What is needed
Pictures in the listing do not belong in the copy, which should repeat exactly the lines from the one holding "The recombinant pEGFP-N1-TNFR" through the last line.

Input data

☆ ☆ ☆ ☆ ☆

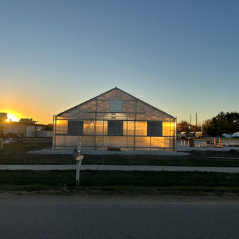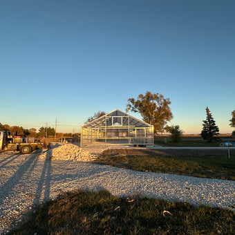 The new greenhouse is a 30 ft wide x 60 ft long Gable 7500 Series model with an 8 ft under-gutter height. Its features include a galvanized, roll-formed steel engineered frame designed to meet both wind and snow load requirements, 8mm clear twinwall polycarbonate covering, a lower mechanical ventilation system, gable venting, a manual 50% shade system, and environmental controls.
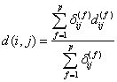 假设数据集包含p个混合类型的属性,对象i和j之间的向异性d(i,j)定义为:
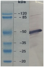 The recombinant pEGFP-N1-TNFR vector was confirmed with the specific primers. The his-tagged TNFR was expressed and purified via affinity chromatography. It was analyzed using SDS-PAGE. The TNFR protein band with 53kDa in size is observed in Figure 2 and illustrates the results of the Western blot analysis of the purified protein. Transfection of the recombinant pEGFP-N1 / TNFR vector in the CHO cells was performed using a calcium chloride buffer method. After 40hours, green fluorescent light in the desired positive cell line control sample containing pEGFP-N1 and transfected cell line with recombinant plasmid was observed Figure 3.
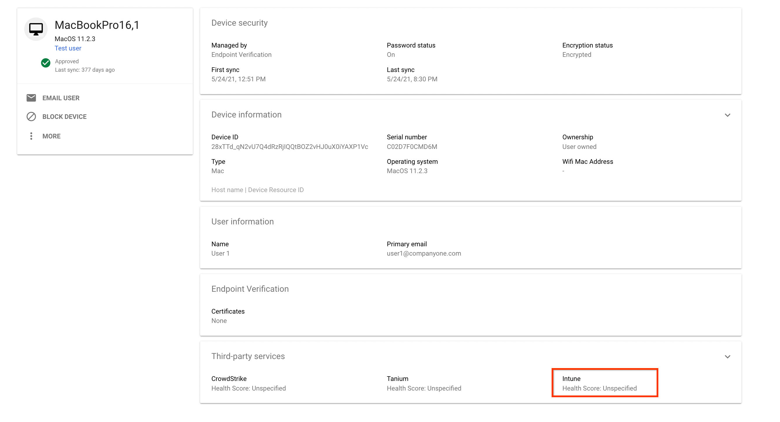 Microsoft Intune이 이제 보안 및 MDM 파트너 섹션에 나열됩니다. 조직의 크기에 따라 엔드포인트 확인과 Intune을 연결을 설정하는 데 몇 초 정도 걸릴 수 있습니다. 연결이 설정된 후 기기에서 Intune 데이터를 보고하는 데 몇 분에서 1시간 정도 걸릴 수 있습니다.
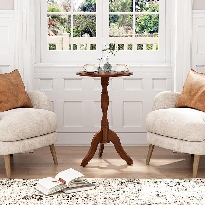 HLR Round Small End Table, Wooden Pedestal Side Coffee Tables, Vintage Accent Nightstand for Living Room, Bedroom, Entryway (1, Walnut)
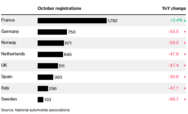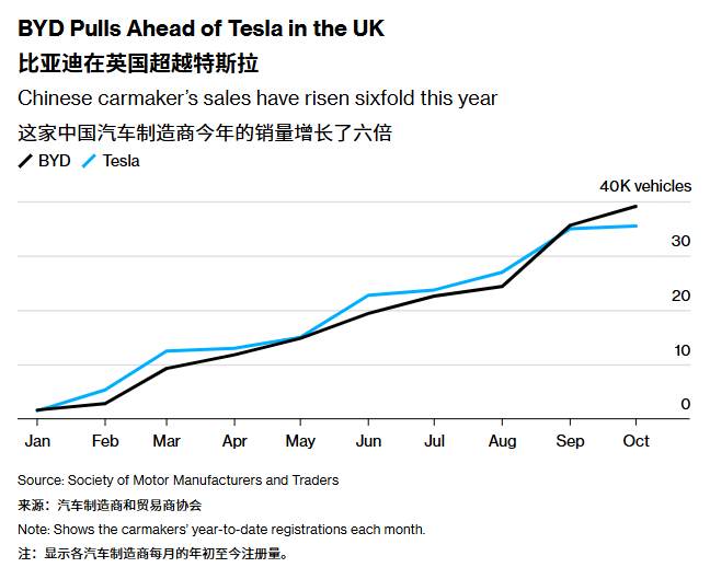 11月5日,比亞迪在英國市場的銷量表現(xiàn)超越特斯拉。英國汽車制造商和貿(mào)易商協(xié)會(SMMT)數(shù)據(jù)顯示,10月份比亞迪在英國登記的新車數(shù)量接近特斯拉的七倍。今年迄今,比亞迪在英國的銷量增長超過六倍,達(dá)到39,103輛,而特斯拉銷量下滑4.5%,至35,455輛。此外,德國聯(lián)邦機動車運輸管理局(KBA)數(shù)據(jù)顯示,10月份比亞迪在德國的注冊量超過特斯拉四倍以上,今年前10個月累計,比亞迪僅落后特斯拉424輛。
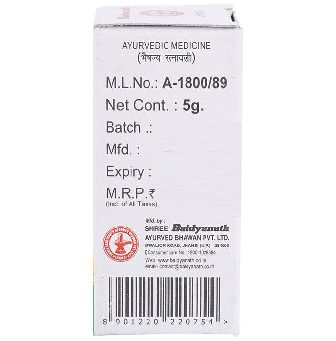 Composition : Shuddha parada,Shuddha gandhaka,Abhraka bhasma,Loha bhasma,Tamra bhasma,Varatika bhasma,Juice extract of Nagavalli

☆ ☆ ☆ ☆ ☆

Finished task
 The recombinant pEGFP-N1-TNFR vector was confirmed with the specific primers. The his-tagged TNFR was expressed and purified via affinity chromatography. It was analyzed using SDS-PAGE. The TNFR protein band with 53kDa in size is observed in Figure 2 and illustrates the results of the Western blot analysis of the purified protein. Transfection of the recombinant pEGFP-N1 / TNFR vector in the CHO cells was performed using a calcium chloride buffer method. After 40hours, green fluorescent light in the desired positive cell line control sample containing pEGFP-N1 and transfected cell line with recombinant plasmid was observed Figure 3.
 Microsoft Intune이 이제 보안 및 MDM 파트너 섹션에 나열됩니다. 조직의 크기에 따라 엔드포인트 확인과 Intune을 연결을 설정하는 데 몇 초 정도 걸릴 수 있습니다. 연결이 설정된 후 기기에서 Intune 데이터를 보고하는 데 몇 분에서 1시간 정도 걸릴 수 있습니다.
 HLR Round Small End Table, Wooden Pedestal Side Coffee Tables, Vintage Accent Nightstand for Living Room, Bedroom, Entryway (1, Walnut)
 11月5日,比亞迪在英國市場的銷量表現(xiàn)超越特斯拉。英國汽車制造商和貿(mào)易商協(xié)會(SMMT)數(shù)據(jù)顯示,10月份比亞迪在英國登記的新車數(shù)量接近特斯拉的七倍。今年迄今,比亞迪在英國的銷量增長超過六倍,達(dá)到39,103輛,而特斯拉銷量下滑4.5%,至35,455輛。此外,德國聯(lián)邦機動車運輸管理局(KBA)數(shù)據(jù)顯示,10月份比亞迪在德國的注冊量超過特斯拉四倍以上,今年前10個月累計,比亞迪僅落后特斯拉424輛。
 Composition : Shuddha parada,Shuddha gandhaka,Abhraka bhasma,Loha bhasma,Tamra bhasma,Varatika bhasma,Juice extract of Nagavalli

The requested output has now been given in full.